To do –
Only the lines from the one bearing "此版塊調(diào)用前臺(tái)用戶" through the end of the listing belong in your response, restated word for word and without pictures.

Data –
_ _ _ _ _ _ _
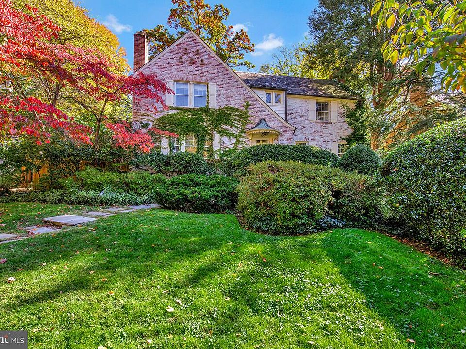 Located on a serene, wooded street in the highly sought-after Spring Valley neighborhood, this classic residence offers a perfect balance of charm, elegance, and comfort, nestled in a natural environment of luxurious landscaping. The main level of the home features an open foyer, a large dining room with a chandelier and bay window, an elegant formal living room boasting a beautiful fireplace, a light drenched sunroom with floor to ceiling windows, a spacious kitchen with exposed beams which leads to a cozy breakfast space with a fireplace and views of the backyard, and a library/den with a fireplace and half bath. The upper level features a primary bedroom with built-in closets, a large ensuite bath, and hardwood floors, plus two additional generous bedrooms with built-ins that share a full bath. The exterior space is just as stunning. The rear yard offers extensive landscaping, multiple patios, and walkways that transport you to your own private oasis.
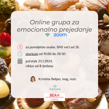 Pridružite nam se u novom ciklusu naše online GRUPE ZA EMOCIONALNO PREJEDANJE pod vodstvom nutricionistice Kristine Beljan.
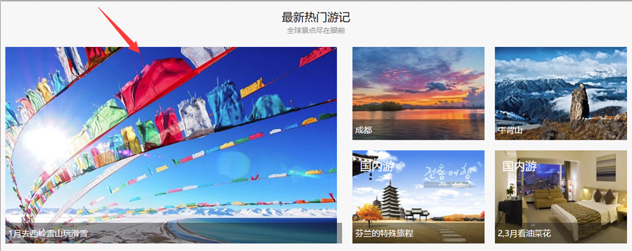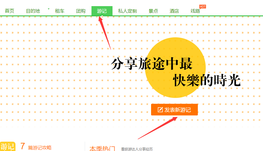 此版塊調(diào)用前臺(tái)用戶發(fā)布的游記信息,屬于和用戶互動(dòng)性板塊,建議將游記板塊展示到前臺(tái)界面上,最簡單的方法是在主導(dǎo)航中開啟,后臺(tái)操作路徑:站點(diǎn)管理》電腦端》主導(dǎo)航
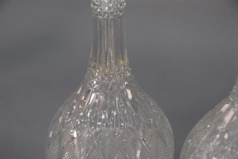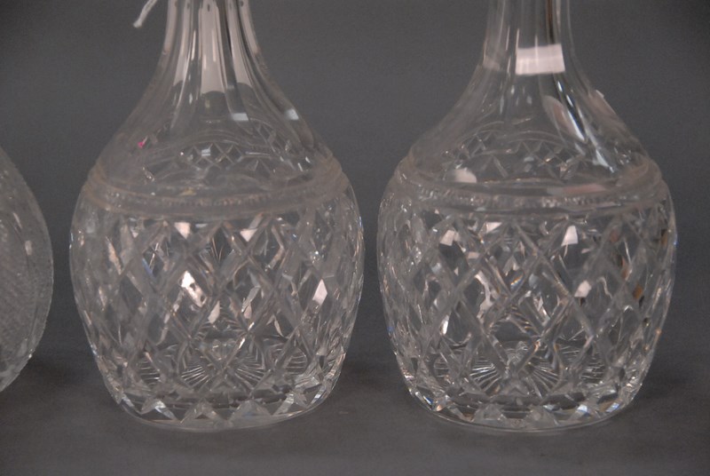 Four piece lot to include two pairs of cut crystal decanters with stoppers one repaired at neck. ht. 12 1/2in. and 13 1/2in.
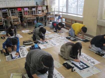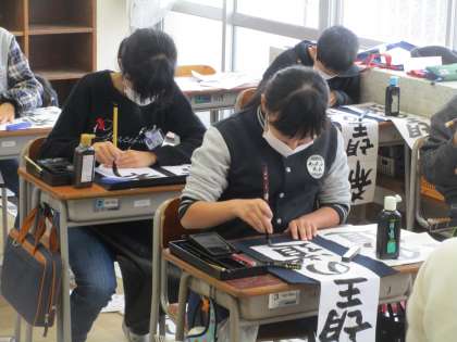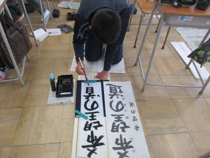 お手本をしっかりと見て、はね・とめ・はらいに気を付けて、集中して書いています。「小学校生活最後の書初大会は金賞をとりたい!」と気持ちを高めてがんばっています。懇談会に来校される方は、掲示した書き初めをぜひご覧ください。
_ _ _ _ _ _ _
Reply –
 此版塊調(diào)用前臺(tái)用戶發(fā)布的游記信息,屬于和用戶互動(dòng)性板塊,建議將游記板塊展示到前臺(tái)界面上,最簡單的方法是在主導(dǎo)航中開啟,后臺(tái)操作路徑:站點(diǎn)管理》電腦端》主導(dǎo)航
 Four piece lot to include two pairs of cut crystal decanters with stoppers one repaired at neck. ht. 12 1/2in. and 13 1/2in.
 お手本をしっかりと見て、はね・とめ・はらいに気を付けて、集中して書いています。「小学校生活最後の書初大会は金賞をとりたい!」と気持ちを高めてがんばっています。懇談会に来校される方は、掲示した書き初めをぜひご覧ください。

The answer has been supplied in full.